Last Updated: May 20, 2024
Triplet Expansion Disorders
The trinucleotide repeat disorders (also known as trinucleotide repeat expansion disorders or triplet repeat expansion disorders) represent a family of genetic disorders caused by an increase in the number of trinucleotide repeats in certain genes exceeding the normal, stable threshold. Each gene affected by trinucleotide repeat expansion has a different number of repeats that constitutes the normal threshold and the number that results in manifestation of disease.
The trinucleotide repeat disorders are divided into three categories determined by the type of repeat. The most common repeat is the triplet CAG which when present in the coding region of a gene codes for the amino acid glutamine (Q). Therefore, these disorders are referred to as the polyglutamine (polyQ) disorders.
The second category of repeat expansion disorders either do not involve the CAG triplet in the coding region or the CAG triplet is not in the coding region of the gene or the triplet is not CAG and also is not in the coding region. This second type of trinucleotide repeat disorder is referred to as the non-polyglutamine disorder class. The non-polyglutamine disorders result from repeats (primarily trinucleotide repeats) that reside in the promoter region of the affected gene, within the 5′-untranslated region (5′-UTR), within introns, or within the 3′-UTR.

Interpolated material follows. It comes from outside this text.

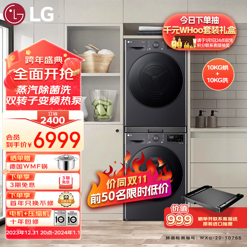 LG星云黑洗烘套装 10kg蒸汽除菌洗衣机+10kg进口双转子变频热泵烘干机家用 FCY10Y4M+RH10V3MVTW价格:8399.00元!

The third category of trinucleotide repeat expansion disorder consists of the diseases associated with expansion of a polyalanine tract (PA) or alterations in genes harboring a polyalanine tract. There are currently 9 well characterized PA disorders in humans although there are close to 500 genes encoding proteins that harbor stretches of consecutive alanine residues ranging from 4 to 20 amino acids in length. One unique feature of the polyalanine repeat is that it is an imperfect repeat consisting of the nucleotides GCN, where N designates any nucleotide.
Non-Triplet Expansion Disorders
Although trinucleotide repeat expansion encompasses the vast majority of repeat expansion diseases, there are other diseases caused by repeat expansion where the repeat size is four (tetranucleotide), five (pentanucleotide), or 12 (dodecanucleotide) nucleotides in length.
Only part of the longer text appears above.